A French citizen, Mehdi Nemmouche, last year carried out the first attack by a militant returning from Syria when he crossed into Belgium and killed four people at a Jewish museum. In March 2012, a gunman claiming links to al-Qaeda killed three Jewish schoolchildren, a rabbi and three paratroopers in Toulouse in southern France.
The country had not seen as deadly a terrorist attack on its soil in nearly two decades before the masked gunmen burst into the offices of the French newspaper Charlie Hedbo on Wednesday and then escaped by car into the Paris suburbs.
After Wednesday’s attack, militants affiliated with the Islamic State recirculated a video that was recorded and released last year calling for “lone wolf” attacks in France.
Though there was some speculation that Wednesday’s attack involved al-Qaeda’s affiliate in Yemen, some experts noted the absence of the hallmarks of an al-Qaeda plot.
“It’s a pretty unusual attack from a jihadist organization. It’s not a suicide attack, and it’s not a bombing,” said Daniel Benjamin, the former top counterterrorism official at the State Department. “We haven’t seen many cases of cells affiliated with [al-Qaeda-linked] groups carrying out shootings like this.”
A link to the Islamic State, even if the assailants were only inspired by the group and not ever formally part of its ranks, would be particularly alarming to officials in Europe, Benjamin said.
“The appeal of ISIS is sufficient that it is drawing out people who were not known as extremists before,” said Benjamin, now at Dartmouth College. “Its efforts to create something like a state appears to have real appeal at the street level and has changed the terms of the game in radicalization.”
U.S. and European officials said the attack in Paris was likely to intensify pressure on security officials there to expand surveillance of Islamist groups, crack down on militants suspected of planning to leave for Syria and tighten up airport screening measures that have spared European citizens the high level of scrutiny that is applied to travelers entering the United States.
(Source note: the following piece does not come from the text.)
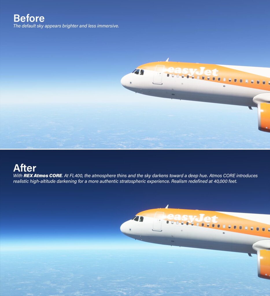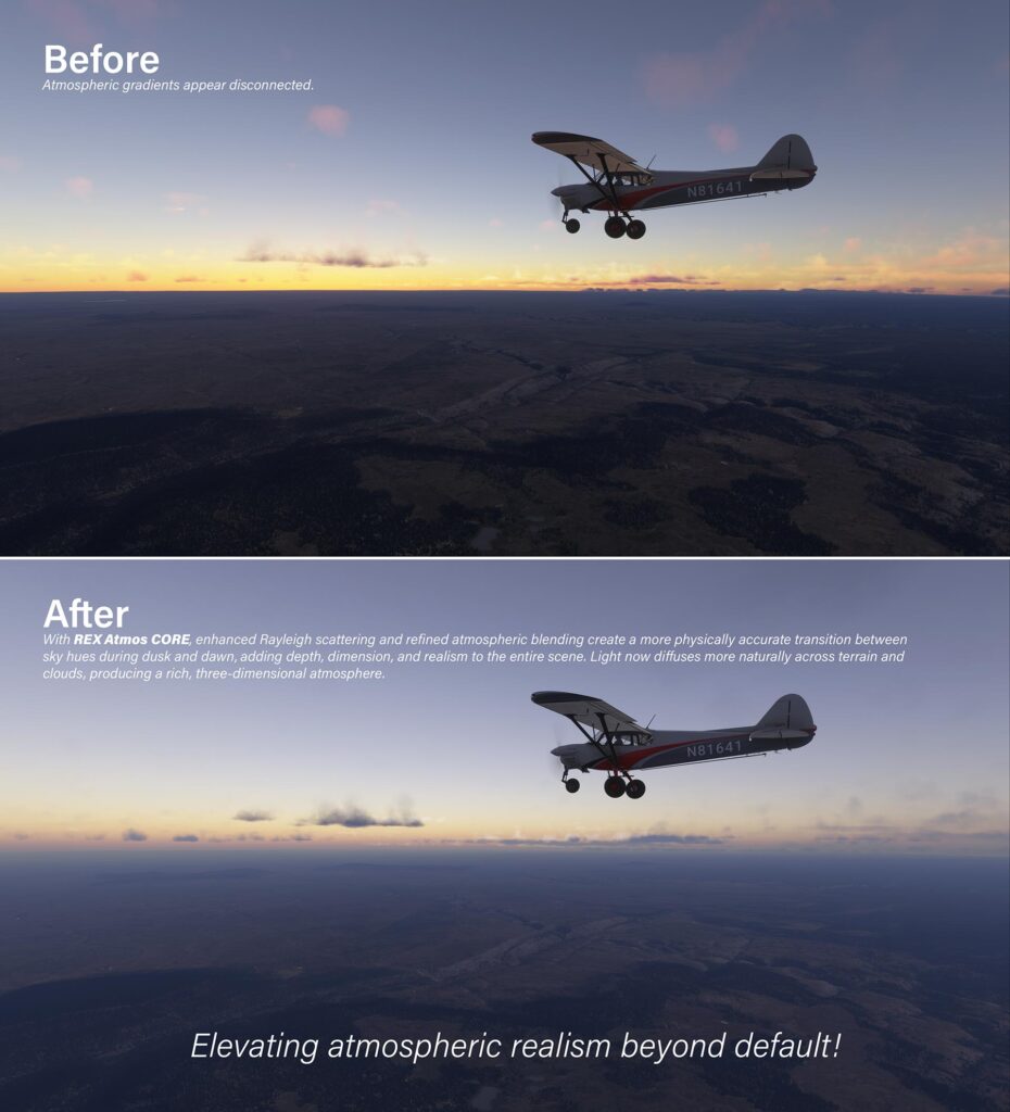Für Anwender ist insbesondere die direkte Integration in die Sim-Engine von Bedeutung: Im Unterschied zu anderen Lösungen, wie etwa ReShade oder ähnlichen Filtern, verarbeitet Atmos CORE dem Hersteller zufolge Änderungen auf System-/Engine-Ebene, sodass Anpassungen unmittelbare visuelle Auswirkungen im laufenden Flug haben.

Although the attack was deadlier than other recent cases, Schiff said it should be seen as a part of an emerging pattern that includes violent attacks in Canada, Australia, London and Belgium.
“There’s a broad pattern of a proliferation of these one-off attacks around the world,” Schiff said. “It’s becoming an endless parade of brutality.”
Souad Mekhennet in Frankfurt and Thomas Gibbons-Neff in Washington contributed to this report.